A machine known as "The Launcher" was specifically created for Manhattan West. The $7 million Italian-designed apparatus is creating a platform over the existing - and extremely busy - railroad tracks that lead into Penn Station.

"In essence we're building land," said Henry Caso, Brookfield's Vice President of Manhattan West Construction.

The nearly $5 billion Brookfield development is going up between Ninth and Tenth avenues and 31st and 33rd streets. Ultimately on top of the platform will be an open public space with two commercial towers, a residential building and possibly a hotel around it. Along with Related Companies' Hudson Yards project and the 7 train expansion, this will transform a once-barren strip into a hub of activity.

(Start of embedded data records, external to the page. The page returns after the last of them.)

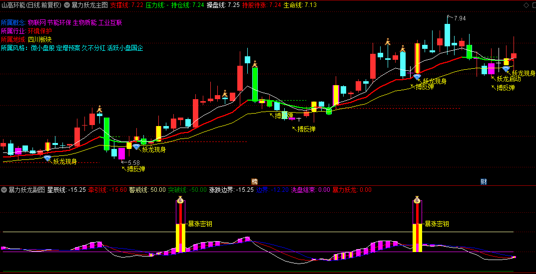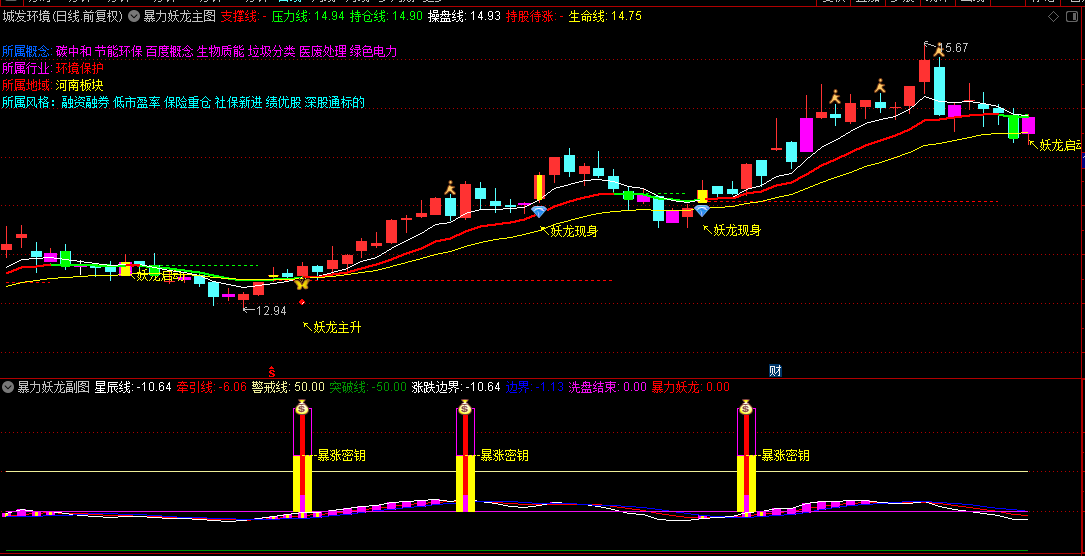 本指标为综合性分析工具,集主图、副图与选股功能于一体,适用于趋势跟踪和强势股捕捉。主图通过动态支撑压力线、妖龙启动/主升等提示信号,辅助判断买卖点与趋势强度。副图以星辰线与牵引线为核心,结合暴涨密钥等信号识别超跌反弹与突破机会。选股模块可快速筛选符合暴力妖龙条件的个股,聚焦量价异动的潜力品种。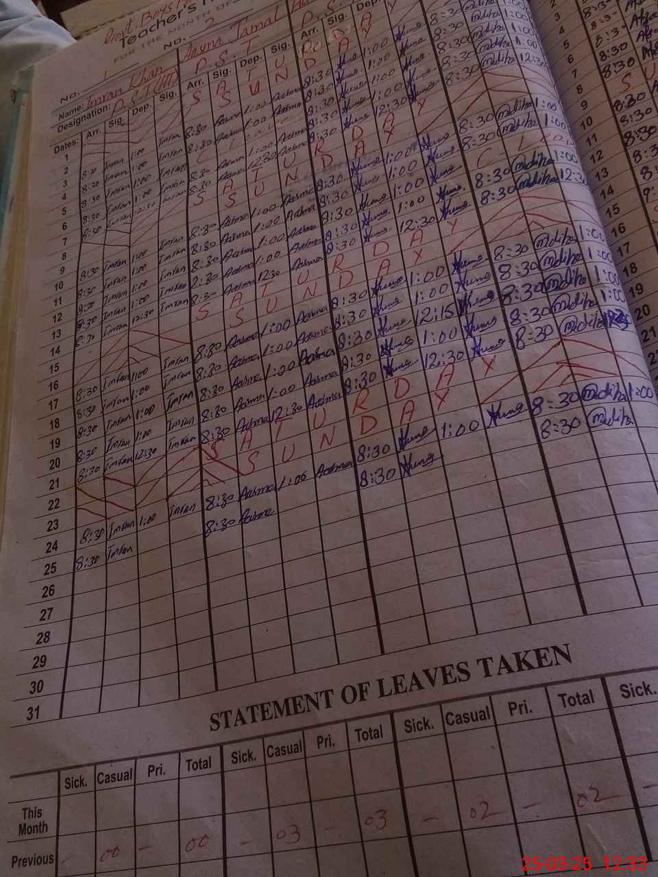 | Name: Im**** Kh**** Designation: (School Headmaster's/Headmistress's) PST Phone/Cell Number: 03**** |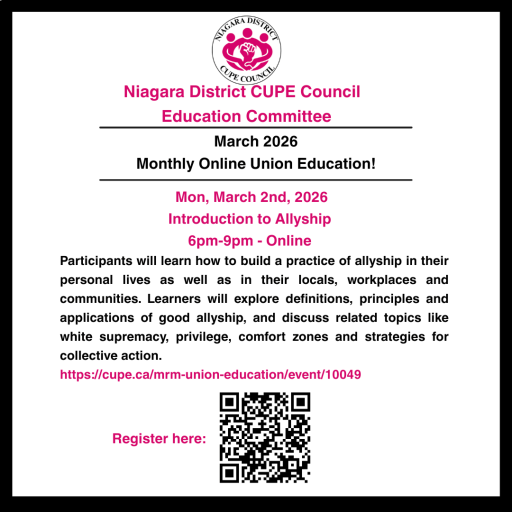 The Niagara District CUPE Council is dedicated to uniting and empowering CUPE locals across the Niagara Region through solidarity, advocacy, and collective action. We support our affiliated locals by fostering collaboration, sharing resources, providing a platform for mutual support, and amplifying their voices on regional and provincial issues.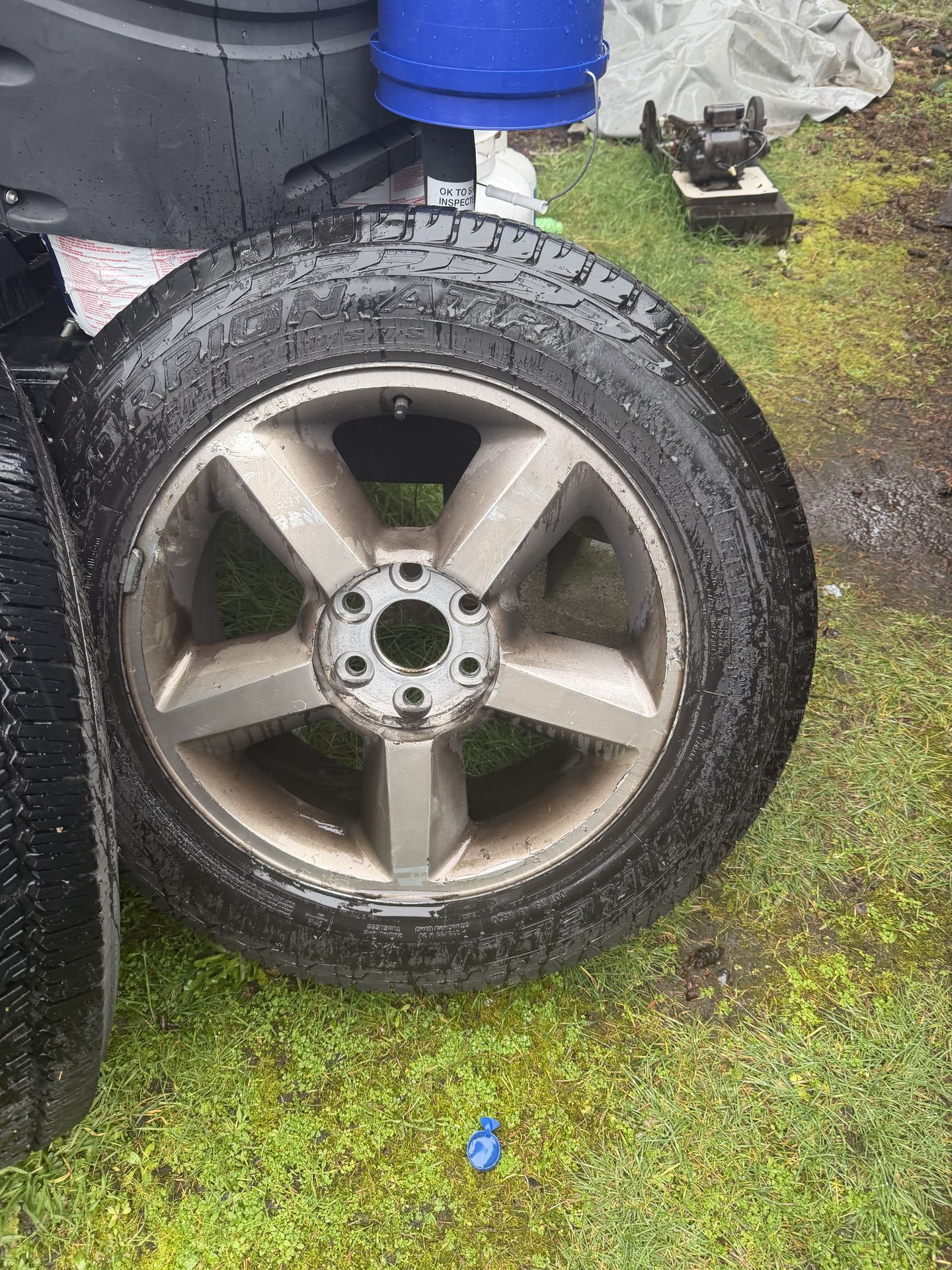 4 rims and tires, one rim hit the curb the tires on all 4 is still good

"It's kind of Manhattan's final frontier in a sense. There'll be lots of parks, lots of amenities and the transportation is huge being right next to Penn Station," said Melissa Coley, Brookfield's Vice President of Investor Relations and Communications.

The machine is like ones used to build bridges. It moves massive pieces of concrete into two layers of platforms. Much of the work happens between 2 and 3 a.m. when there are fewer trains running.

"We're using bridge-building technology so we can do two things at once, maintain an operational railroad and create the land so we can build buildings on top of it," Caso said.

Each one of the pieces being moved into place weighs about 56 tons, the equivalent of 25 cars. When the whole span is completed it will weigh the equivalent of 187 buses or 11 blue whales -- 2,400 tons.

Inside two of the platform tunnels are ventilation systems for when the railroads are completely covered below.

"The air comes into this chamber and is exhausted through fans which are equipped inside the structure," Caso said.

After two years of construction, the platform is scheduled to be done by the end of the year.

Brookfield won't start building the office towers until there are anchor tenants, but says they're in negotiations.

There is no specific start date for the residential building, but it's clear that the transformation is well under way.